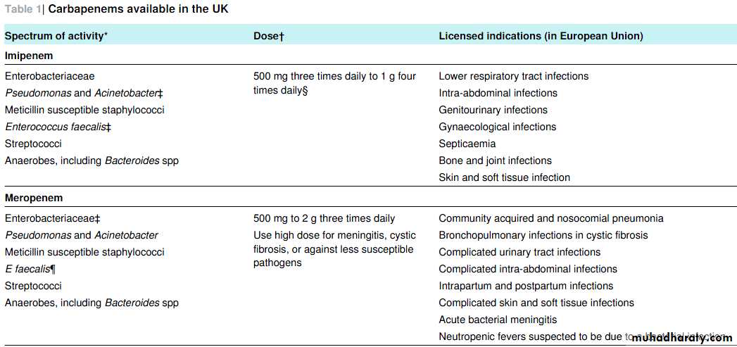 Use of imipenem-cilastatin has declined, and meropenem is now the most prescribed analogue in the UK. Both have similar indications (table 1⇓).
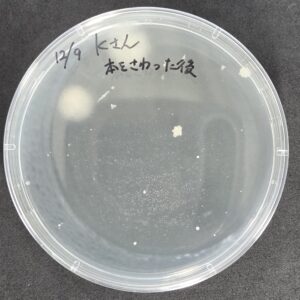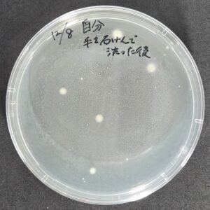 また、私の手は研究室の流しで石鹸を使って手を洗った後でしたが、それでもこれだけ菌が生えてきました。
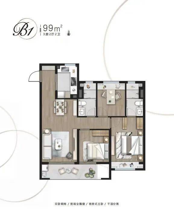 99㎡:3室2厅2卫(B1/B2户型),部分带大横厅,总价约432万
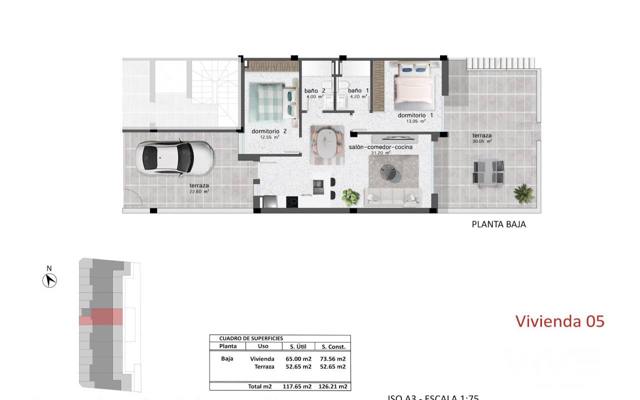 Neubau einer Bungalow-Wohnanlage in Pilar de la Horadada Exklusive moderne Bungalows in Pilar de la Horadada Diese neue Wohnanlage bietet 16 stilvolle Bungalows in der begehrten Ortschaft Pilar de la Horadada, die im südlichsten Teil der Costa Blanca liegt. Wählen Sie zwischen 2- oder 3-Schlafzimmer-Varianten, die jeweils über 2 Badezimmer verfügen. Die Wohnungen im Erdgeschoss verfügen über geräumige Terrassen auf der Vorder- und Rückseite mit direktem Zugang zum Gemeinschaftspool und Garten, während die Wohnungen im Obergeschoss über eine große private Dachterrasse verfügen. Geräumiges Wohnen mit moderner Ausstattung Jeder Bungalow verfügt über einen hellen und offenen Wohn-/Essbereich und eine voll ausgestattete Küche mit großen Schiebetüren, die den Innen- und Außenbereich nahtlos miteinander verbinden. Die Schlafzimmer sind mit Einbauschränken ausgestattet. Die Anlage verfügt über eine Klimaanlage mit Kanalisation und einen Aufzug, der den Zugang zu den oberen Etagen erleichtert. Ein privater Parkplatz ist ebenfalls für alle Einheiten vorgesehen. Erstklassige Lage in Pilar de la Horadada Pilar de la Horadada ist ein traditioneller spanischer Ort mit einer lebhaften Hauptstraße mit Supermärkten, Geschäften, Restaurants und Bars. Die schönen Strände von Torre de la Horadada und Mil Palmeras sind nur 5 Minuten entfernt. Die Siedlung liegt 40 km vom Flughafen Corvera (Murcia) und 55 km vom Flughafen Alicante entfernt und ist somit ein idealer Standort für einen dauerhaften Wohnsitz oder einen Urlaubsaufenthalt.
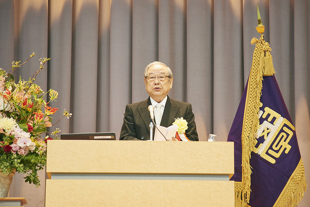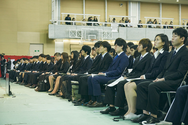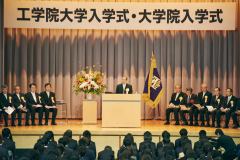 午前の部は、先進工学部、建築学部、大学院 化学応用学専攻、建築学専攻、システムデザイン専攻が、午後の部では、工学部、情報学部、大学院 機械工学専攻、電気・電子工学専攻、情報学専攻の新入生約1,700名が列席しました。
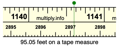 95.05 feet times 30.48 equals 2897.124 centimeters. Therefore, 95.05 feet is also at the 2897.124 centimeters place on the tape measure, as displayed above.

## EXERCISE DETAILS:
Omit the images and transcribe all of the records above word for word.

## RESPONSE TO THIS TASK:
 Use of imipenem-cilastatin has declined, and meropenem is now the most prescribed analogue in the UK. Both have similar indications (table 1⇓).
 また、私の手は研究室の流しで石鹸を使って手を洗った後でしたが、それでもこれだけ菌が生えてきました。
 99㎡:3室2厅2卫(B1/B2户型),部分带大横厅,总价约432万
 Neubau einer Bungalow-Wohnanlage in Pilar de la Horadada Exklusive moderne Bungalows in Pilar de la Horadada Diese neue Wohnanlage bietet 16 stilvolle Bungalows in der begehrten Ortschaft Pilar de la Horadada, die im südlichsten Teil der Costa Blanca liegt. Wählen Sie zwischen 2- oder 3-Schlafzimmer-Varianten, die jeweils über 2 Badezimmer verfügen. Die Wohnungen im Erdgeschoss verfügen über geräumige Terrassen auf der Vorder- und Rückseite mit direktem Zugang zum Gemeinschaftspool und Garten, während die Wohnungen im Obergeschoss über eine große private Dachterrasse verfügen. Geräumiges Wohnen mit moderner Ausstattung Jeder Bungalow verfügt über einen hellen und offenen Wohn-/Essbereich und eine voll ausgestattete Küche mit großen Schiebetüren, die den Innen- und Außenbereich nahtlos miteinander verbinden. Die Schlafzimmer sind mit Einbauschränken ausgestattet. Die Anlage verfügt über eine Klimaanlage mit Kanalisation und einen Aufzug, der den Zugang zu den oberen Etagen erleichtert. Ein privater Parkplatz ist ebenfalls für alle Einheiten vorgesehen. Erstklassige Lage in Pilar de la Horadada Pilar de la Horadada ist ein traditioneller spanischer Ort mit einer lebhaften Hauptstraße mit Supermärkten, Geschäften, Restaurants und Bars. Die schönen Strände von Torre de la Horadada und Mil Palmeras sind nur 5 Minuten entfernt. Die Siedlung liegt 40 km vom Flughafen Corvera (Murcia) und 55 km vom Flughafen Alicante entfernt und ist somit ein idealer Standort für einen dauerhaften Wohnsitz oder einen Urlaubsaufenthalt.
 午前の部は、先進工学部、建築学部、大学院 化学応用学専攻、建築学専攻、システムデザイン専攻が、午後の部では、工学部、情報学部、大学院 機械工学専攻、電気・電子工学専攻、情報学専攻の新入生約1,700名が列席しました。
 95.05 feet times 30.48 equals 2897.124 centimeters. Therefore, 95.05 feet is also at the 2897.124 centimeters place on the tape measure, as displayed above.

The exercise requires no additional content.